In general, low serum copper and low serum ceruloplasmin indicate a copper deficiency most of the time. From what I’ve seen, I think you want to tend to be in the middle of the range because I have seen indications of copper deficiency when people are in the lower 20 or 30 percent of the range.

It’s important to note a couple of limitations to these tests. First of all, estrogen increases serum ceruloplasmin and tends to increase serum copper as well, and that means that there’s going to be some fluctuation of copper levels with the menstrual cycle. And copper levels are generally twice as high during pregnancy as they are for women who are not pregnant.

And using hormone replacement therapy, estrogen in HRT can raise copper levels by 30 to 90 percent. And unfortunately, there really isn’t any clear research to develop a separate reference range for women experiencing high estrogen under these conditions, so what we can say is that if your copper levels are running a little high and you can explain it with estrogen, you can probably dismiss it because it’s normal. It’s probably all the more true in women than in men that you want to be at least towards the middle of the range for copper because if you’re at the low end of the range, and that might be close to deficiency, that’s all the more true if you would expect your estrogen levels to be bringing the copper up higher.

There are two genetic disorders of copper metabolism: Menkes disease and Wilson’s disease. Both of these can look like copper deficiency because the serum copper levels and ceruloplasmin levels can be low, but you can have copper overload in certain specific tissues, and which tissues those are is different for Menkes disease and Wilson’s disease. But measuring urine copper can be very useful in identifying these diseases because usually the urine copper is elevated in those diseases despite the low serum levels.

So, those are the rare caveats to serum copper being the most useful test, but urine copper can often distinguish those diseases from the typical picture. If you identify a copper deficiency, the best thing to do is to solve it at the root of the problem. In some cases, that might be due to an absorption problem, and it might be due to excessive supplementation of zinc or high doses of vitamin C. If so, you want to work on removing those problems. If the problem is a dietary one because you’re not consuming enough copper-rich foods, then the overwhelmingly best thing to do is to work the copper-rich foods into your diet. Again, those are liver, oysters, shiitake mushrooms, chocolate, and spirulina as the very top foods. And the other good sources include most non-oyster shellfish, whole grains, legumes, and potatoes. So eat more of those foods.

This is especially important because although there’s not a ton of evidence around it, the copper that you get from foods is a different form than what you get in supplements. Usually the—to be technical about it, the oxidation state is different. And it appears to be the case that the food copper is the ideal form that is utilized much more effectively, and that means that you’re always going to get a better deal from getting copper in foods than you are from supplements.
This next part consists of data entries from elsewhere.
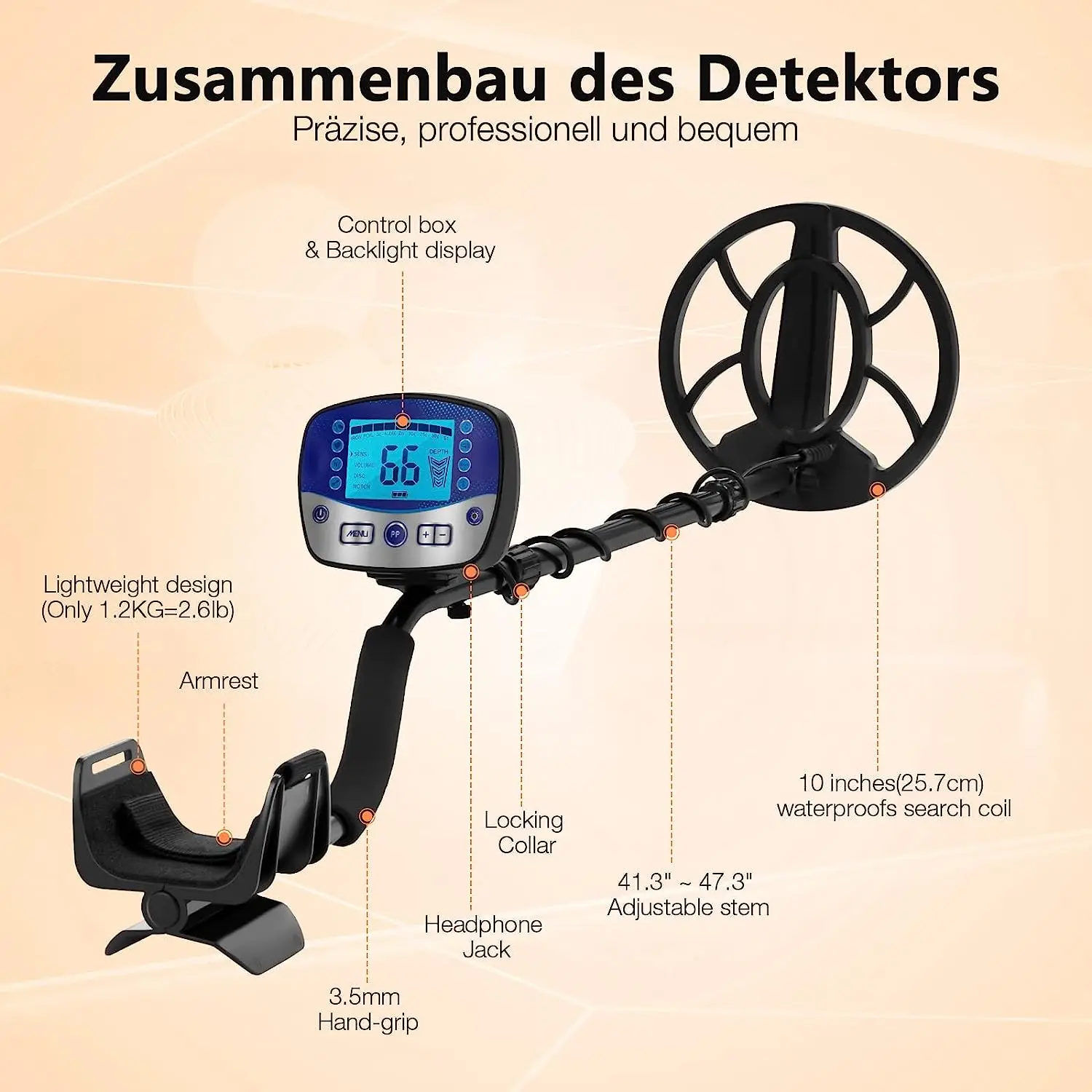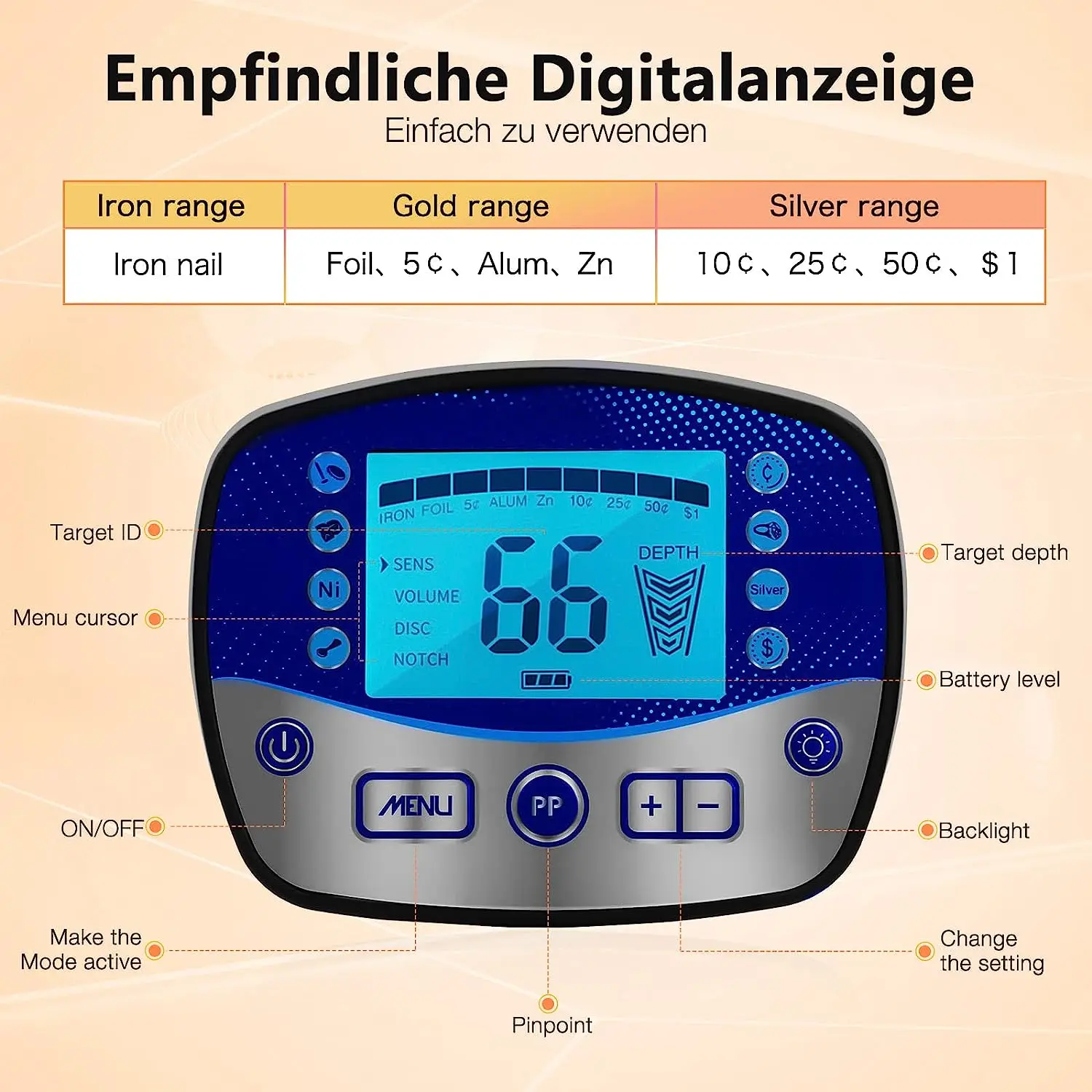 Professzionális Aranyérzékelő A Kincsvadászathoz, 10 “Keresési Tekercs Ip68 Vízálló, Nagy Pontosságú Fémdetektor T11 Lcd -Vel
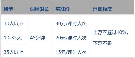班型10人以下30元/课时·人,班型10-35人20/元课时·人,班型35人以上15/元课时·人。浮动幅度,上浮不得超过10%,下浮不限。线下标准课程时长为45分钟,实际时长不一样的,按比例折算。
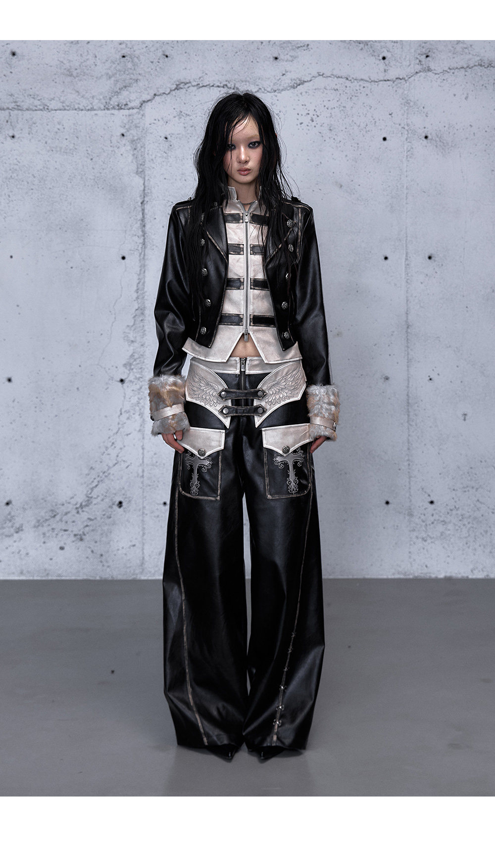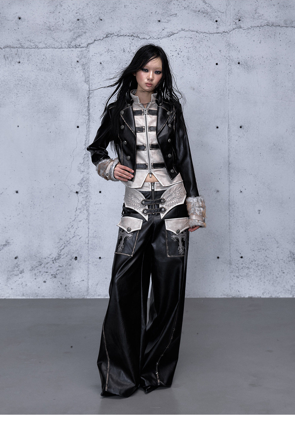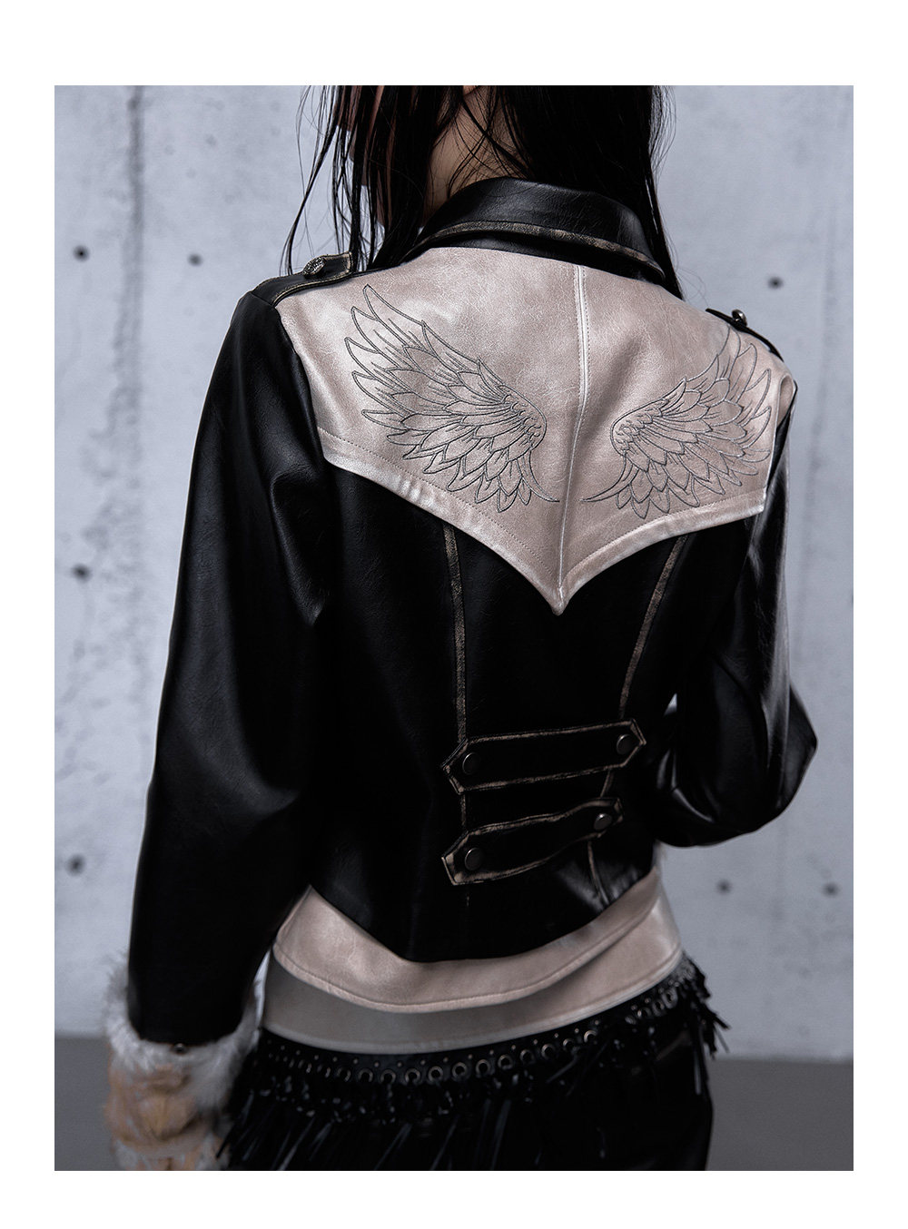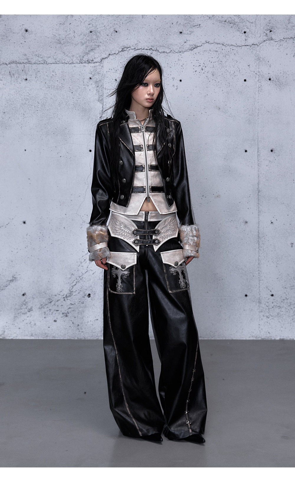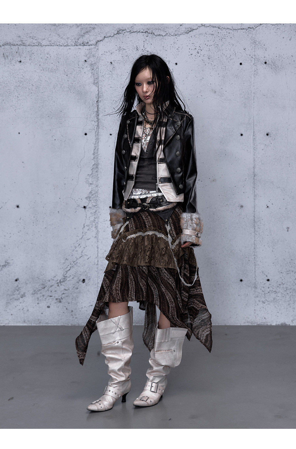 Standing-Collar Belt Detail Fake Fur Cuff PU Leather Jacket NA8980
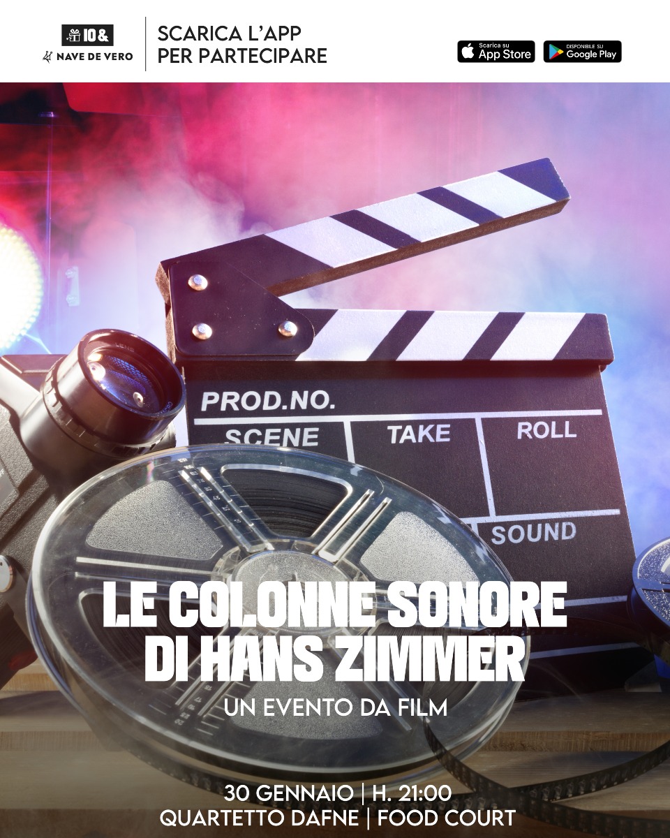 VENEZIA – Il Centro Commerciale Nave de Vero inaugura il 2026 con un evento musicale straordinario dedicato a Hans Zimmer, uno dei più grandi compositori contemporanei. Venerdì 30 gennaio alle ore 21:00, presso la Food Court del Centro, si terrà il concerto “Le Colonne Sonore di Hans Zimmer – Un evento da film”, eseguito dal prestigioso Quartetto Dafne.
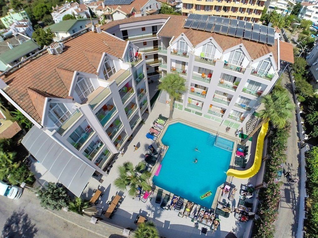 Нашият хотел с 4 звезди е на 150 метра от плажа. Центърът на града е на 2 км, а Ичмелер - на 5 км. Разстоянието до летището е 95 км.
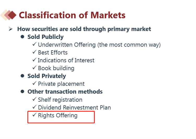 rights offering这种方式比较特殊,我们把它归类在其他的发行方式中,不属于private placement哦。

With that said, there are case reports out there making it very clear that 7 milligrams of copper from a supplement over the course of a few months is highly effective at curing the anemia or the low white blood cells that occur in copper deficiency. And so certainly, if you cannot get your copper levels up with food, supplements are an effective means of fixing the deficiency.

True copper toxicity is very unlikely outside of extreme over-supplementation, or consuming highly polluted waters, or the genetic diseases that, Menkes and Wilson’s disease that can lead to copper toxicity in certain tissues.

In the case of true copper toxicity, working with a health care practitioner through chelation therapy is the necessary course of action. In most cases, if you have a reason to suspect a mild overload of copper from overuse of supplements in the past, I think the best thing to do is to use zinc supplementation to get your zinc levels up along the lines of how I described doing so for toxic heavy metals, and I’ll link to that episode in the description of this one.